(Information Opens)

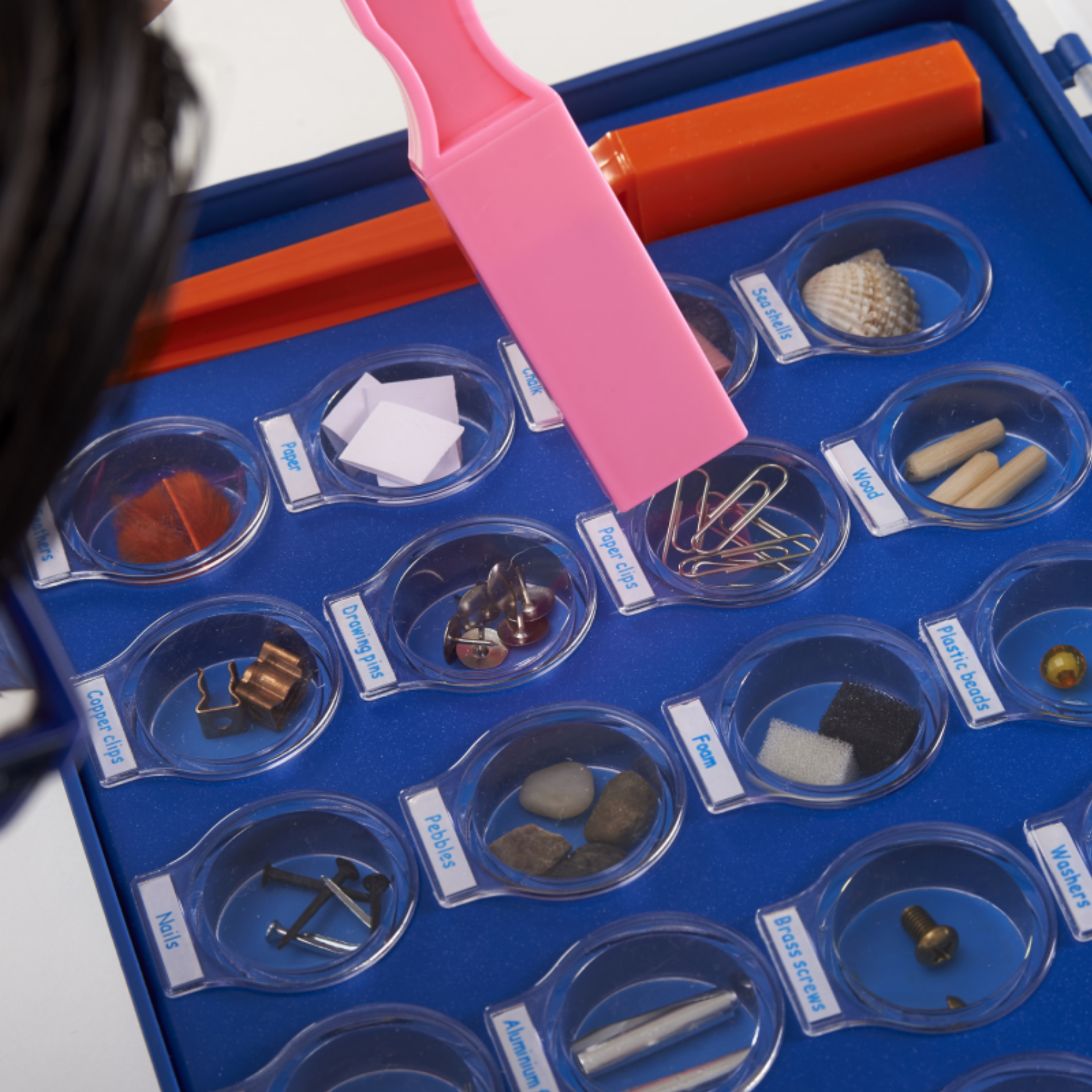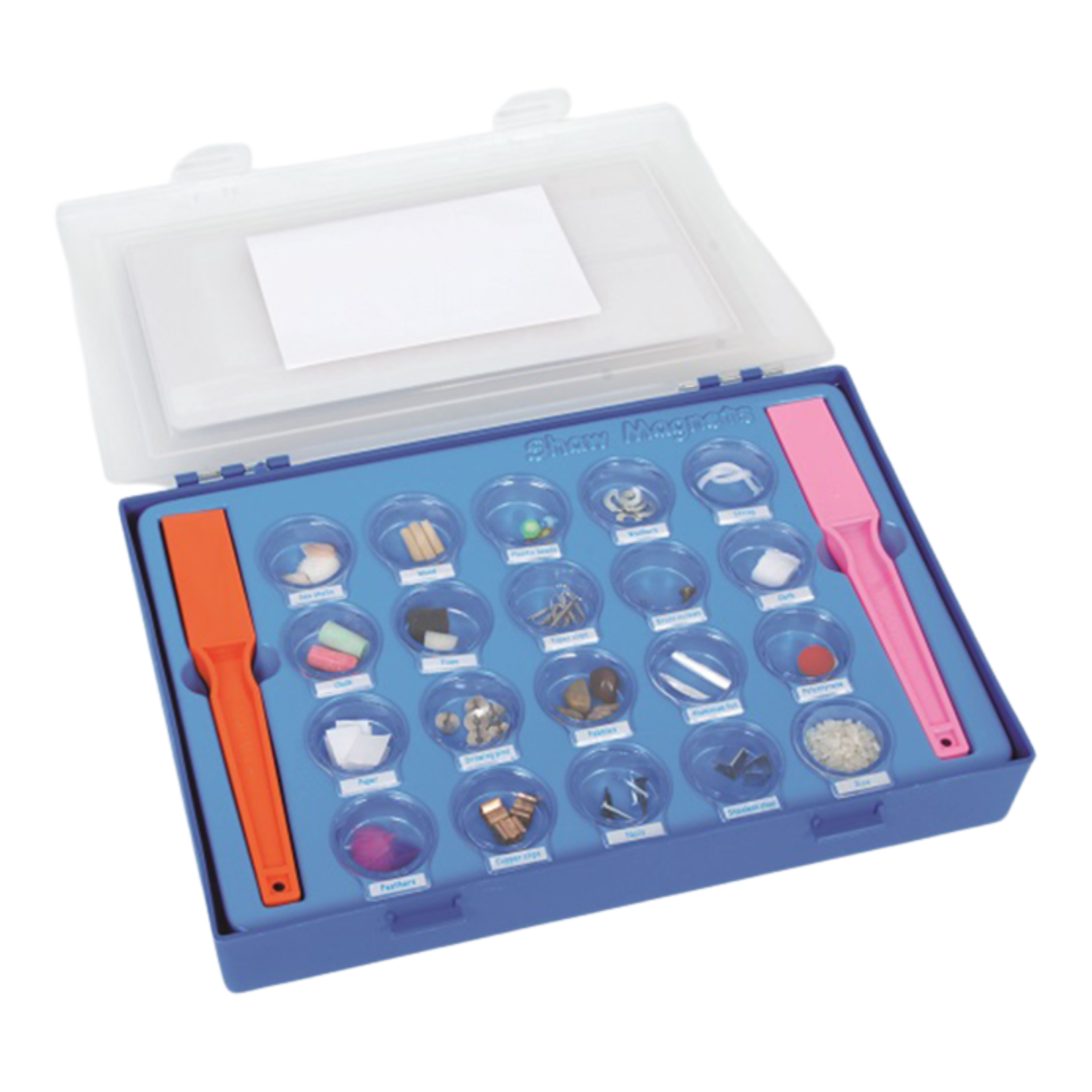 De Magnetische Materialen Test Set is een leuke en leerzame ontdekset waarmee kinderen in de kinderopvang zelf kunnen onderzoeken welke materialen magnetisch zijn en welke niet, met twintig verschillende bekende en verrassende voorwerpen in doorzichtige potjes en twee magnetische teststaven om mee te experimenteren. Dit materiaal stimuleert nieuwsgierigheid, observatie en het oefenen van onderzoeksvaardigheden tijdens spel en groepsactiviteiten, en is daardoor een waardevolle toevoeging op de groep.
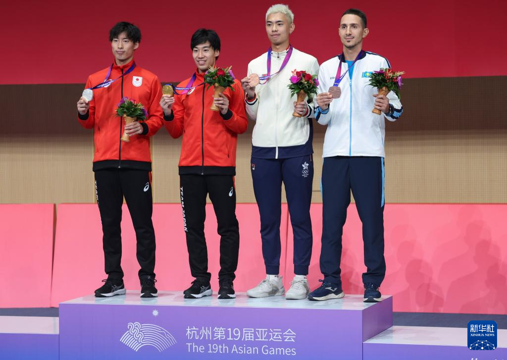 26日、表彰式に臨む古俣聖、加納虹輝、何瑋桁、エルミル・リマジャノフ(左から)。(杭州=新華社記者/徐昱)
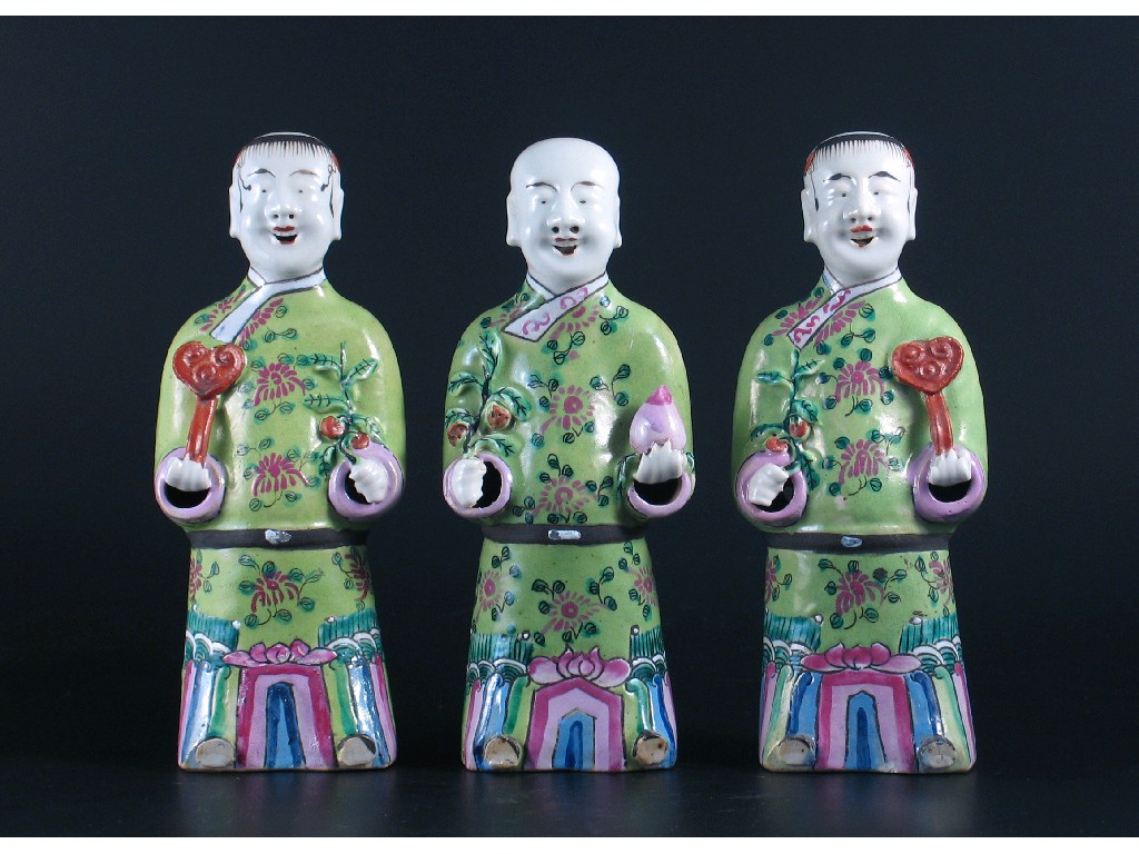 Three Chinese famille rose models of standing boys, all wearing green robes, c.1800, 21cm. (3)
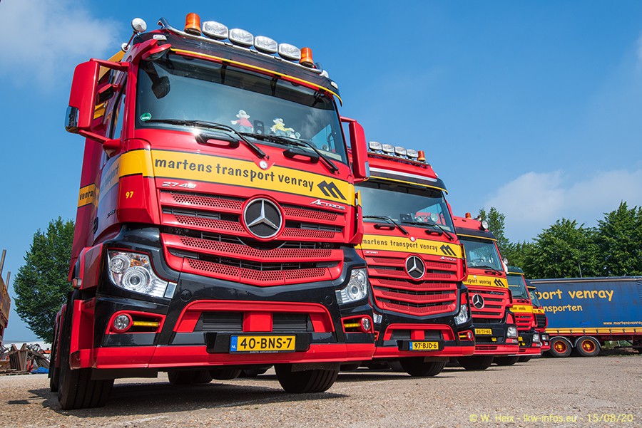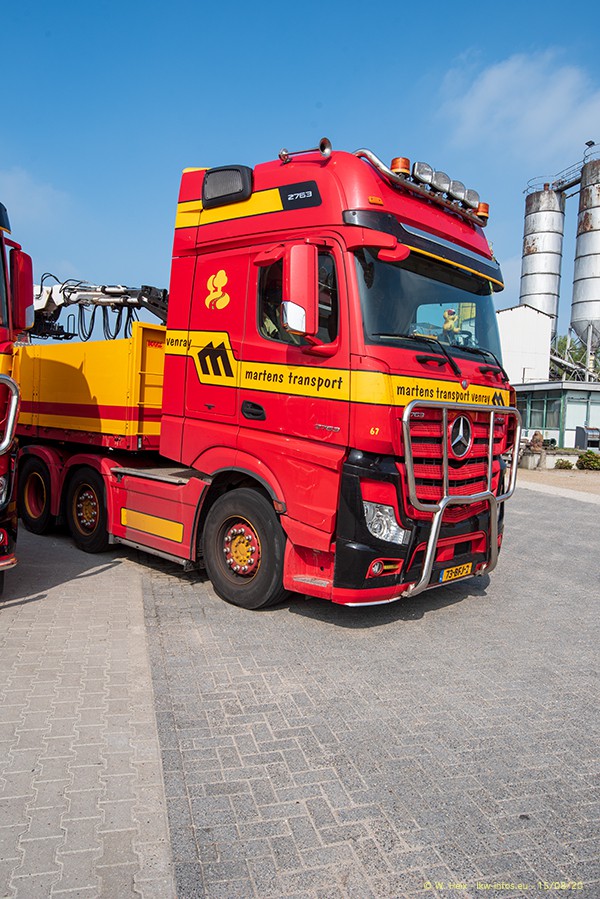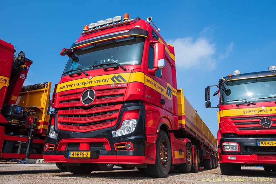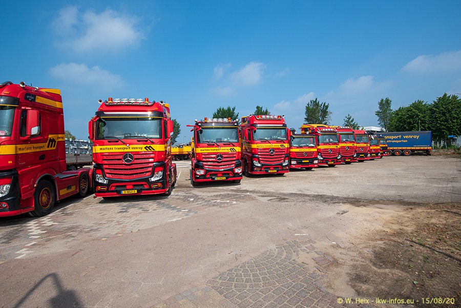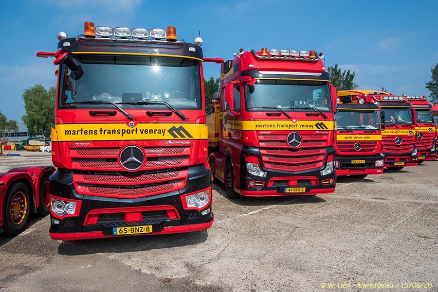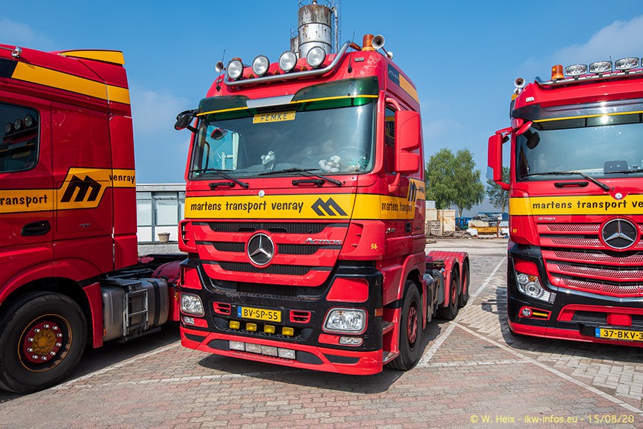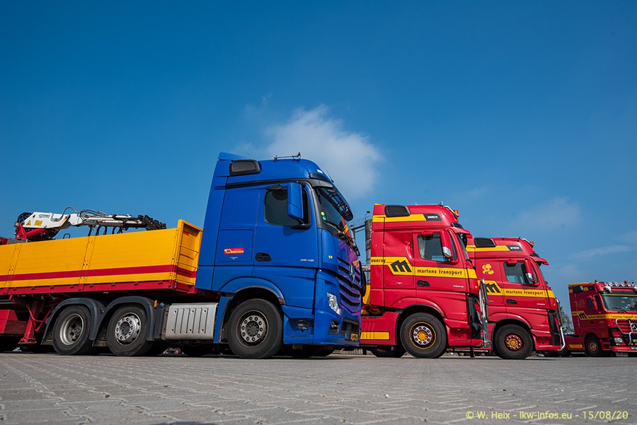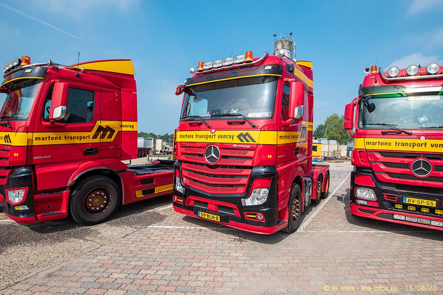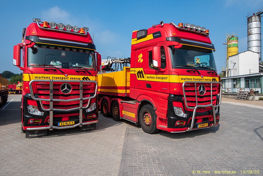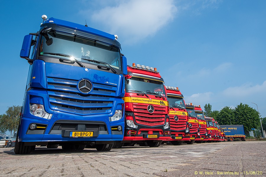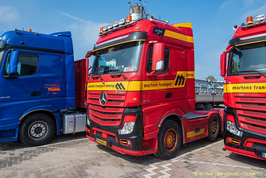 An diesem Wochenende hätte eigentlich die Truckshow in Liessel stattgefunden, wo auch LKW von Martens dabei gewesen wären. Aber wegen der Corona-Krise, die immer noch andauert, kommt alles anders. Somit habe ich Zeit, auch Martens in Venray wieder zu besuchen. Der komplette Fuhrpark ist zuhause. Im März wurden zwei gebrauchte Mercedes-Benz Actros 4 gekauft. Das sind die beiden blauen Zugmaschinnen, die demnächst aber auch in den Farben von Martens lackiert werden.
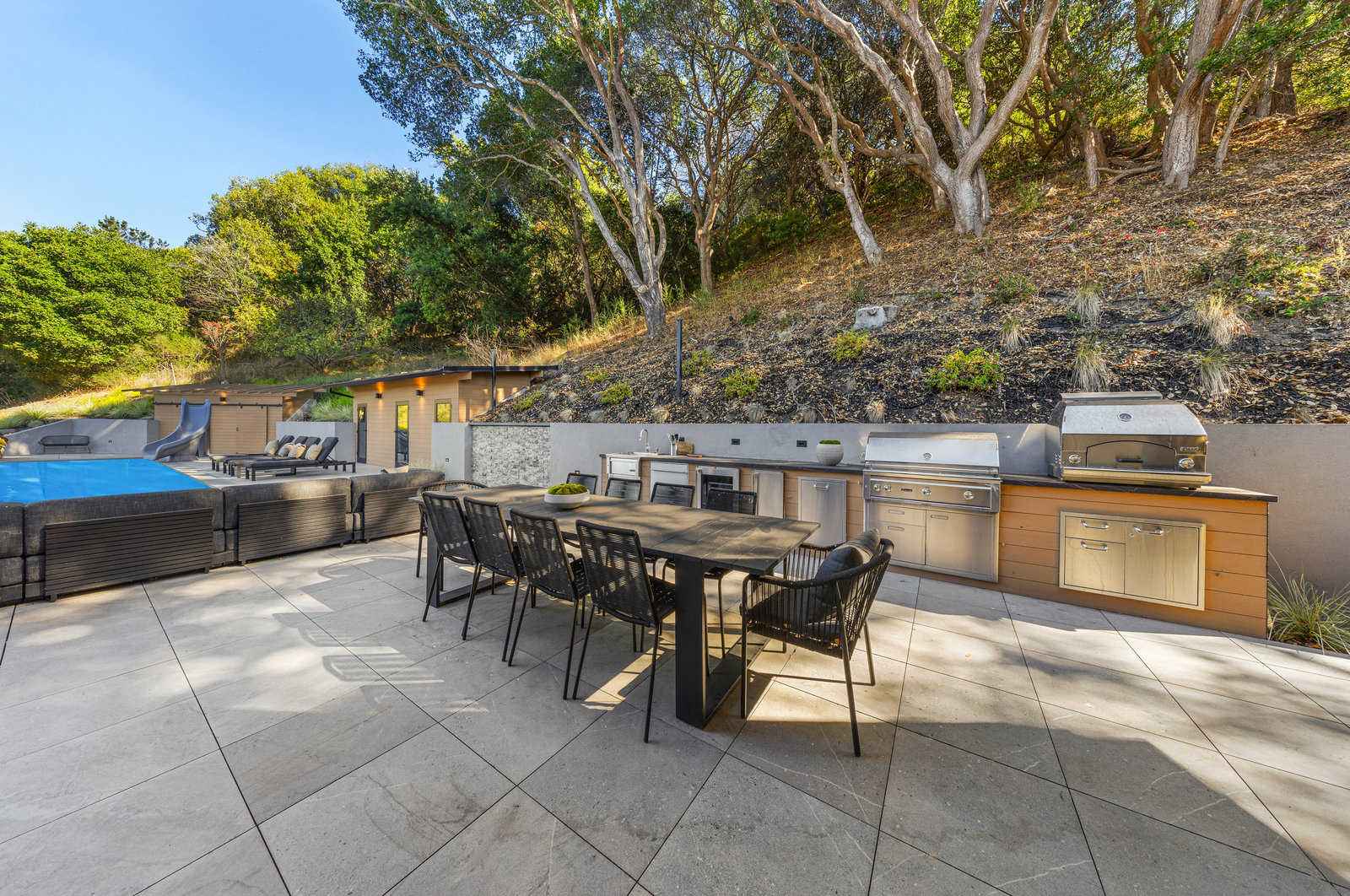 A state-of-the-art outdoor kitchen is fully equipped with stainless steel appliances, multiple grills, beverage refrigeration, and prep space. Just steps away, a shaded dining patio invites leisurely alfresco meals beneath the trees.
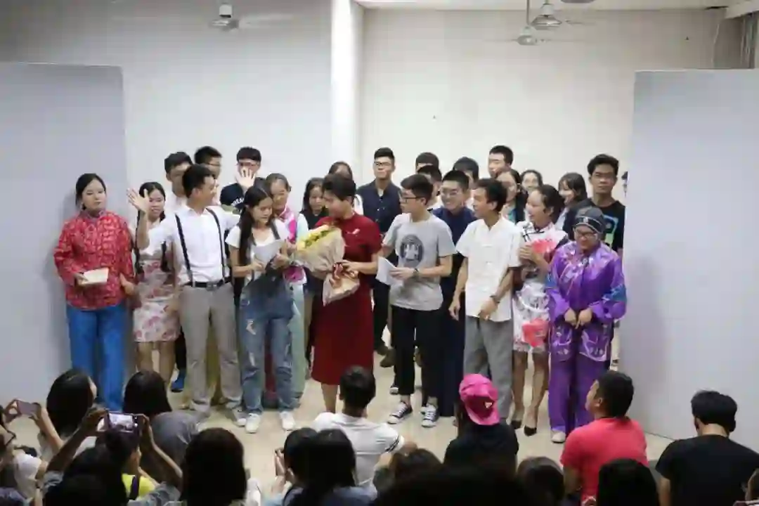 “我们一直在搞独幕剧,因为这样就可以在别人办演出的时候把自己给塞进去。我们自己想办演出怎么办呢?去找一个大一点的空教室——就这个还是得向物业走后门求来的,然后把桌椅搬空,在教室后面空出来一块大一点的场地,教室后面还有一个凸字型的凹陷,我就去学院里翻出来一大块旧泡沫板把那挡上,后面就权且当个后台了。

(Information Closes)

A faithful copy of all the data above is required, printed exactly and with no pictures.

 De Magnetische Materialen Test Set is een leuke en leerzame ontdekset waarmee kinderen in de kinderopvang zelf kunnen onderzoeken welke materialen magnetisch zijn en welke niet, met twintig verschillende bekende en verrassende voorwerpen in doorzichtige potjes en twee magnetische teststaven om mee te experimenteren. Dit materiaal stimuleert nieuwsgierigheid, observatie en het oefenen van onderzoeksvaardigheden tijdens spel en groepsactiviteiten, en is daardoor een waardevolle toevoeging op de groep.
 26日、表彰式に臨む古俣聖、加納虹輝、何瑋桁、エルミル・リマジャノフ(左から)。(杭州=新華社記者/徐昱)
 Three Chinese famille rose models of standing boys, all wearing green robes, c.1800, 21cm. (3)
 An diesem Wochenende hätte eigentlich die Truckshow in Liessel stattgefunden, wo auch LKW von Martens dabei gewesen wären. Aber wegen der Corona-Krise, die immer noch andauert, kommt alles anders. Somit habe ich Zeit, auch Martens in Venray wieder zu besuchen. Der komplette Fuhrpark ist zuhause. Im März wurden zwei gebrauchte Mercedes-Benz Actros 4 gekauft. Das sind die beiden blauen Zugmaschinnen, die demnächst aber auch in den Farben von Martens lackiert werden.
 A state-of-the-art outdoor kitchen is fully equipped with stainless steel appliances, multiple grills, beverage refrigeration, and prep space. Just steps away, a shaded dining patio invites leisurely alfresco meals beneath the trees.
 “我们一直在搞独幕剧,因为这样就可以在别人办演出的时候把自己给塞进去。我们自己想办演出怎么办呢?去找一个大一点的空教室——就这个还是得向物业走后门求来的,然后把桌椅搬空,在教室后面空出来一块大一点的场地,教室后面还有一个凸字型的凹陷,我就去学院里翻出来一大块旧泡沫板把那挡上,后面就权且当个后台了。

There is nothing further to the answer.